Most distros hide their layout behind a package manager. 'MiOS' doesn't -- the repo root is the deployed system root. Browse usr/, etc/, srv/, var/ here in GitHub and you're looking at exactly where those files land on a booted system. There's no system_files/ indirection, no Ansible playbook materializing things into place. What you see is what gets baked.

The build pipeline is just a Containerfile that runs every script in automation/[NN]-*.sh in numeric order. Each script does one thing (install packages, configure SELinux, render the UKI, generate CDI specs, etc.) and the numeric prefix encodes execution order. Add a new step? Drop a new 45-myfeature.sh next to its peers.

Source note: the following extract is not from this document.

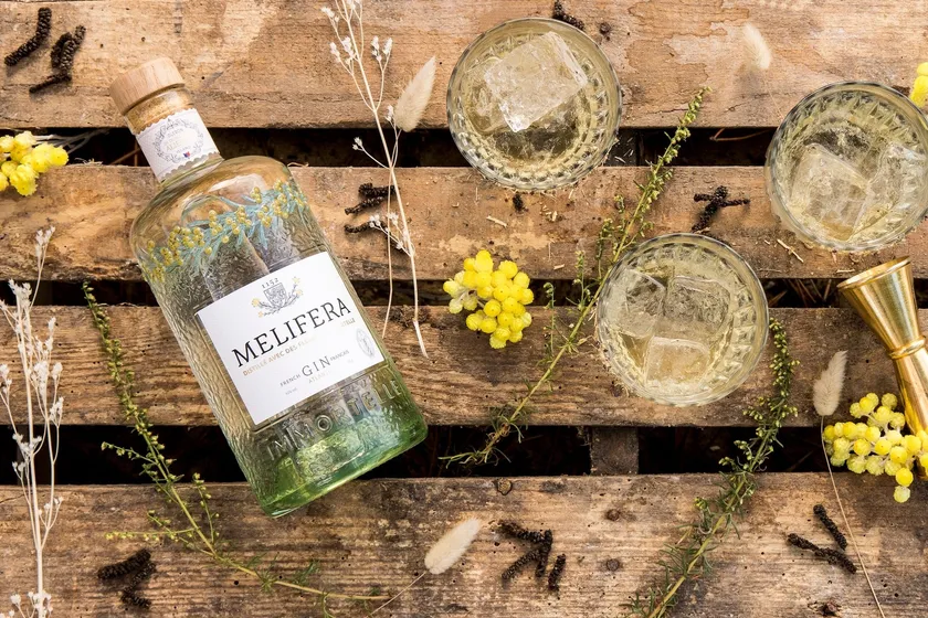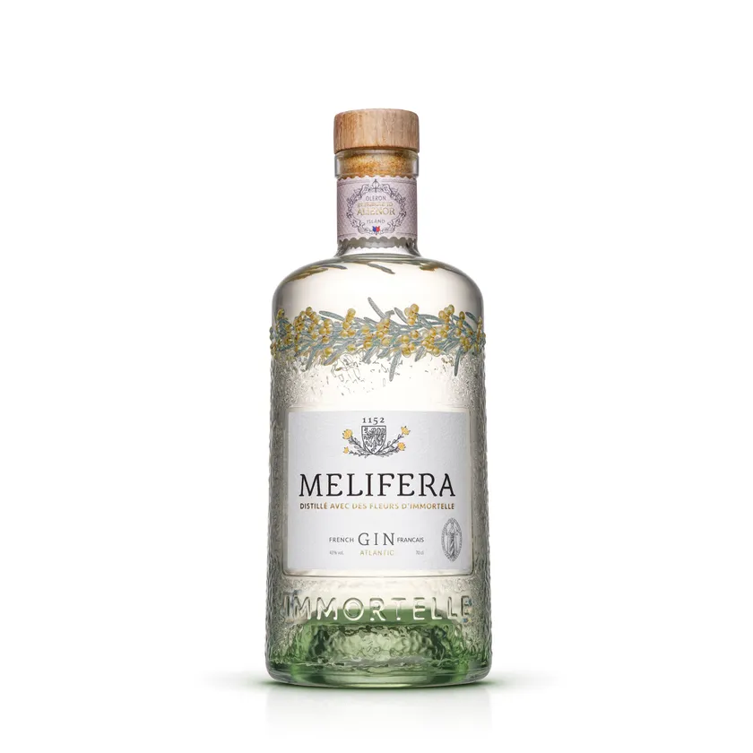 手摘みのイモーテルを使った初めてのオーガニックジンである「メリフェラ」は、芳醇で比類ない香りを持つプレミアムジンです。蒸留は伝統的な技術と革新的なアイデアを組み合わせるオーガニック素材の蒸留所であるシャラント=マリティーム県のSVE蒸留所で行われています。「メリフェラ」は、私たちを魅惑的なアロマの旅へと誘います。
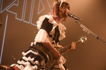 冒頭から攻め続けたセットリストの中、一変してステージは暗転。儚げなイントロが印象的な「start over」の演奏が始まると、曲に合わせて、ロマンティックな映像が背後に映し出される。BAND-MAIDからの少し早めのクリスマス・プレゼントだ。「Daydreaming」ではSAIKIが力強くしっとりと歌い始めると、小鳩ミク(Gt.&Vo.)の歌も優しく絡み、ツインボーカルで伸びやかに歌い上げる。SAIKIと小鳩ミクが互いの個性と歌声を引き立て合う、ボーカルの幅広さもBAND-MAIDの魅力のひとつだ。

That pipeline is the first half of the system's lifecycle: build pipeline → OCI image → bootc lifecycle on the host. The scripts that wire up the AI plane (the inference lanes, the agent units, the pgvector schema) are just more numbered steps -- the same mechanism that installs packages also stands up the brain.

If you want to know what makes a package show up in the image, check usr/share/mios/mios.toml under [packages.<section>].pkgs -- that's the runtime source of truth, parsed by automation/lib/packages.sh and edited via the configurator HTML at /usr/share/mios/configurator/. Human-readable companion documentation lives at usr/share/doc/mios/reference/PACKAGES.md. Want to know what kernel arguments ship? They're in usr/lib/bootc/kargs.d/.


The local AI stack (the "self-hosted agent OS" half)

The AI surface is one of the things 'MiOS' is for, so here's the end-to-end shape. Everything below ships in the image, runs on your hardware, and is reachable through the single OpenAI-compatible endpoint named by MIOS_AI_ENDPOINT (default http://localhost:8080/v1).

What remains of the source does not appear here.